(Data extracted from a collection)

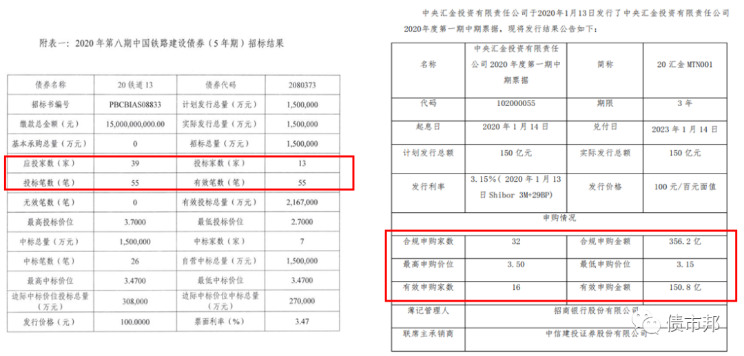 我們來看一下,堅持市場化發(fā)行的優(yōu)質(zhì)發(fā)行人——中國國家鐵路集團和中央?yún)R金公司的發(fā)行結果公告,每次發(fā)行的有效申購家數(shù)都能超過10家。看著這數(shù)字,隔著屏幕都能感覺到鑼鼓喧天熱鬧非凡的發(fā)行場面。
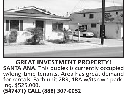 SANTA ANA. This duplex is currently occupied w/long-time tenants. Area has great demand for rentals. Each unit 2BR, 1BA w/its own parking. $525,000.
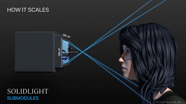 卡拉芬说道:“这令人感到非常兴奋,因为很长一段时间以来,我们一直在寻找一种能够用光线创建对象的全新方法。我们可以向你证明我们已经实现了这一点,现在我们要扩展它以构建更大的对象 。”Light Field Lab 必须用产生全息图的小型子模块/全息砖块来组装显示器,亦即 SolidLight Surface。 每个子模块/全息砖块是 16K × 10K 像素,而子模块/全息砖块的显示表面是 6 英寸乘 4 英寸。
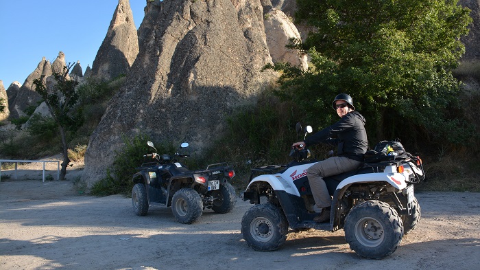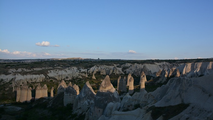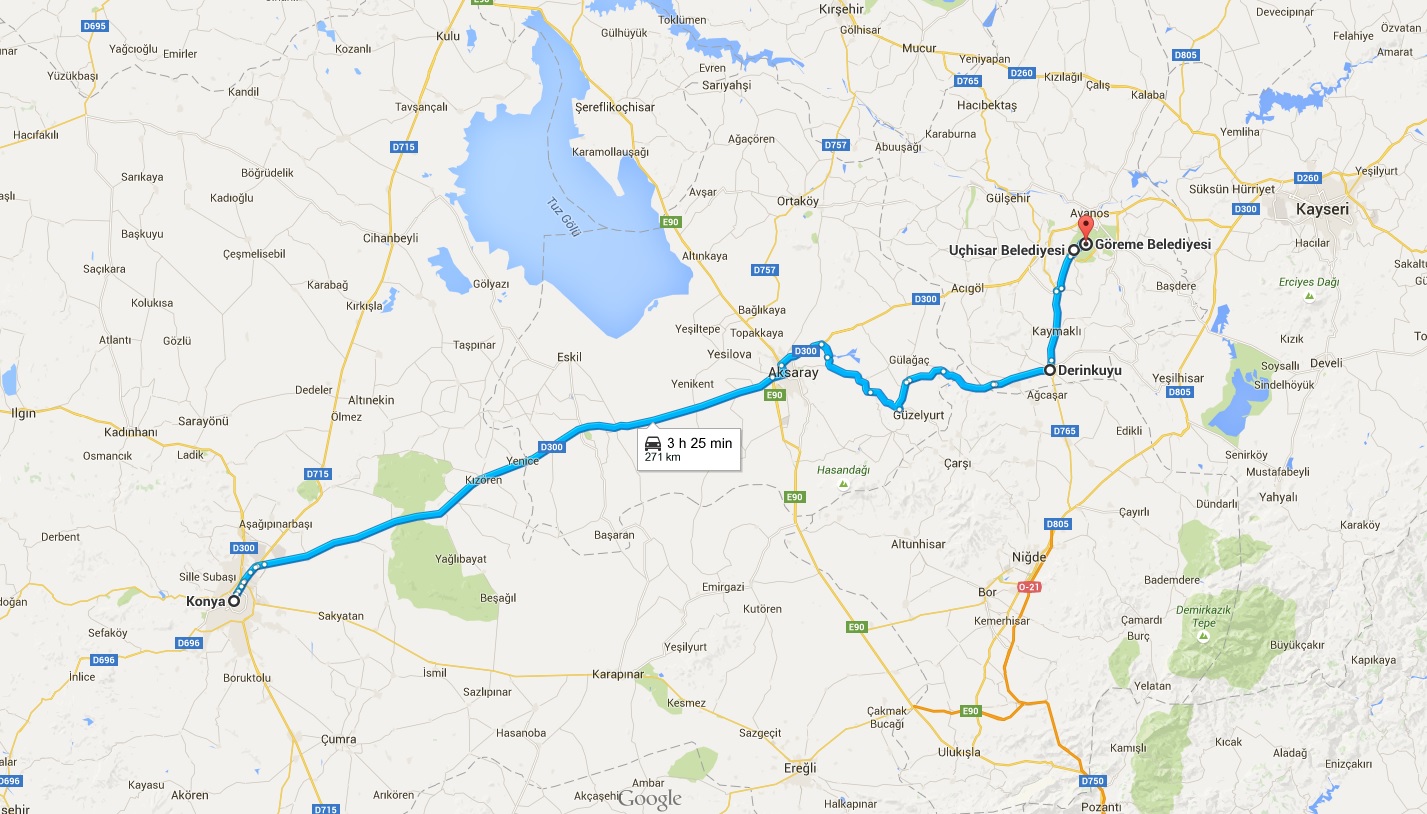 Zgodaj zjutraj sva krenila iz Konye proti pravljični Kapadokiji. Ker je cesta resnično lepa in prazna, sva že po eni uri vožnje prispela v karavanseraj Sultanhani, ki velja za najbolje ohranjenega v celi Anatoliji. Naprej nisva nadaljevala naravnost do palčkove dežele, ampak sva zavila na stransko cesto, tako da sva prispela naravnost v Derinkuyu, kjer sva si ogledala podzemno mesto. Nato je končno napočil čas, ki sva ga oba nestrpno pričakovala. Opoldan sva že prispela v Kapadokijo, se povzpela po razgled na grad Uchisar ter divjala z štirikolesnikom po pravljični deželi.
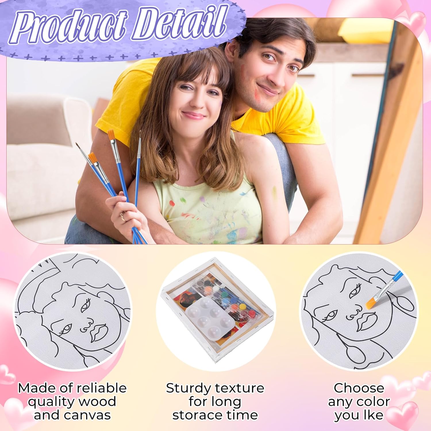 Zhanmai 12 Pack Pre Drawn Canvas for Painting Sip and Paint Kit 8" x 10" Paint Party Set Canvas Painting Pre Printed Canvases for Party Favor DIY Virtual Adult's Date Night(Fashionable Couple)
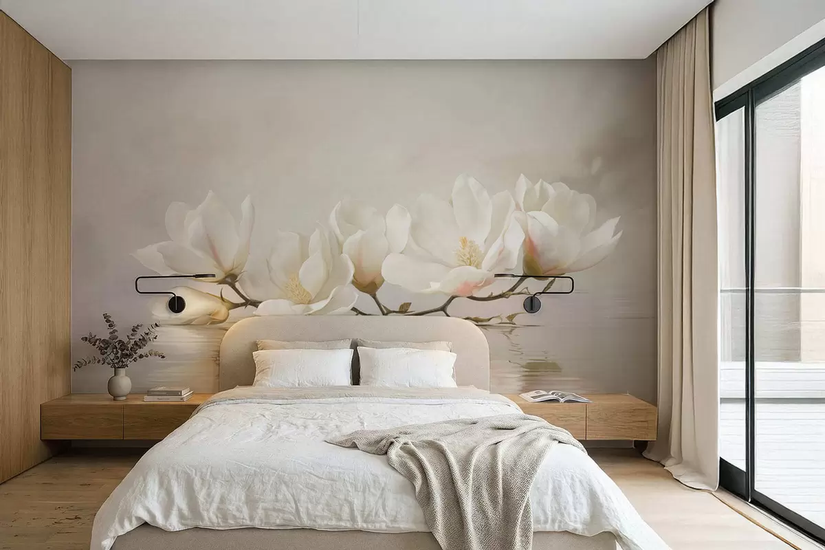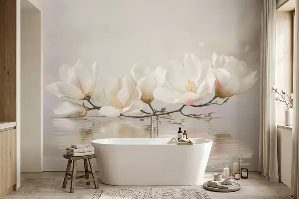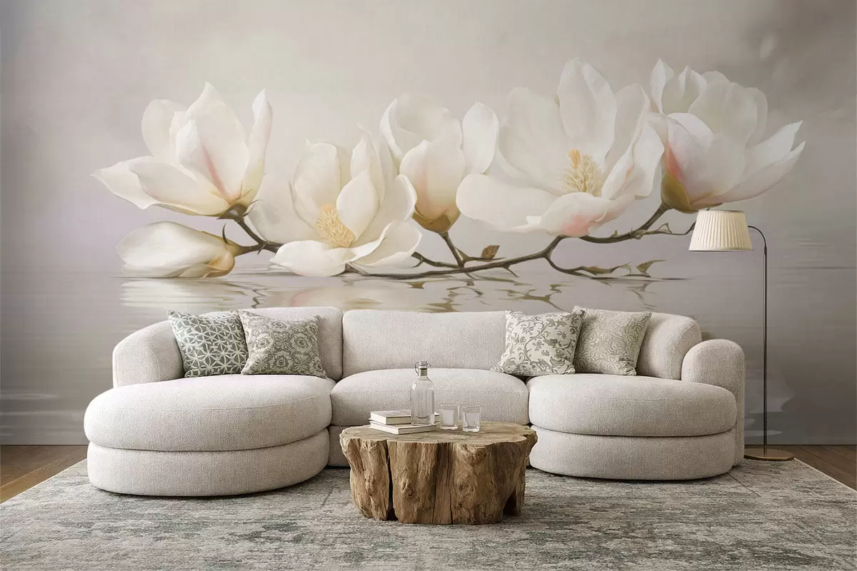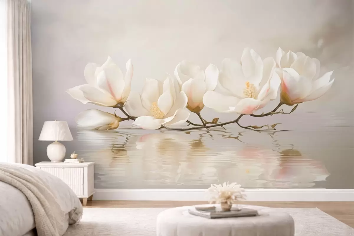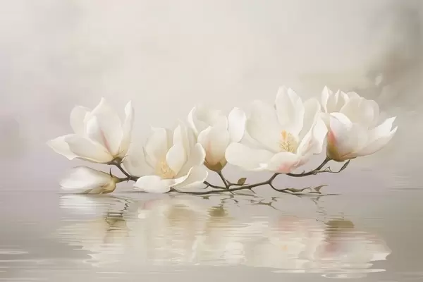 Fototapeten Helle Magnolienblüten auf einem Ast über dem Spiegelbild des Wassers Nr. w05353
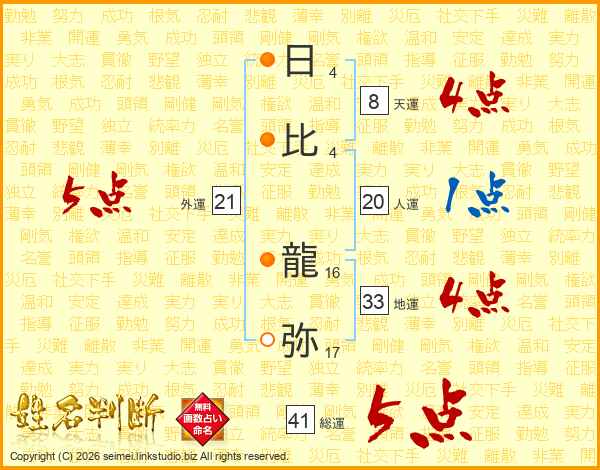 画数の奇数(○陽)と偶数(●陰)の配列で吉凶を占います。どちらかにかたよる名前は大凶名で避ける必要があります。画数の奇数偶数。
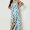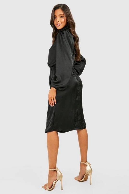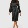 BOOHOO Satin High Neck Draped Wrap Midi Dress

**Exercise prompt**
The task calls for every line of the data to be returned exactly, without pictures.

**Problem solution**
 我們來看一下,堅持市場化發(fā)行的優(yōu)質(zhì)發(fā)行人——中國國家鐵路集團和中央?yún)R金公司的發(fā)行結果公告,每次發(fā)行的有效申購家數(shù)都能超過10家。看著這數(shù)字,隔著屏幕都能感覺到鑼鼓喧天熱鬧非凡的發(fā)行場面。
 SANTA ANA. This duplex is currently occupied w/long-time tenants. Area has great demand for rentals. Each unit 2BR, 1BA w/its own parking. $525,000.
 卡拉芬说道:“这令人感到非常兴奋,因为很长一段时间以来,我们一直在寻找一种能够用光线创建对象的全新方法。我们可以向你证明我们已经实现了这一点,现在我们要扩展它以构建更大的对象 。”Light Field Lab 必须用产生全息图的小型子模块/全息砖块来组装显示器,亦即 SolidLight Surface。 每个子模块/全息砖块是 16K × 10K 像素,而子模块/全息砖块的显示表面是 6 英寸乘 4 英寸。
 Zgodaj zjutraj sva krenila iz Konye proti pravljični Kapadokiji. Ker je cesta resnično lepa in prazna, sva že po eni uri vožnje prispela v karavanseraj Sultanhani, ki velja za najbolje ohranjenega v celi Anatoliji. Naprej nisva nadaljevala naravnost do palčkove dežele, ampak sva zavila na stransko cesto, tako da sva prispela naravnost v Derinkuyu, kjer sva si ogledala podzemno mesto. Nato je končno napočil čas, ki sva ga oba nestrpno pričakovala. Opoldan sva že prispela v Kapadokijo, se povzpela po razgled na grad Uchisar ter divjala z štirikolesnikom po pravljični deželi.
 Zhanmai 12 Pack Pre Drawn Canvas for Painting Sip and Paint Kit 8" x 10" Paint Party Set Canvas Painting Pre Printed Canvases for Party Favor DIY Virtual Adult's Date Night(Fashionable Couple)
 Fototapeten Helle Magnolienblüten auf einem Ast über dem Spiegelbild des Wassers Nr. w05353
 画数の奇数(○陽)と偶数(●陰)の配列で吉凶を占います。どちらかにかたよる名前は大凶名で避ける必要があります。画数の奇数偶数。
 BOOHOO Satin High Neck Draped Wrap Midi Dress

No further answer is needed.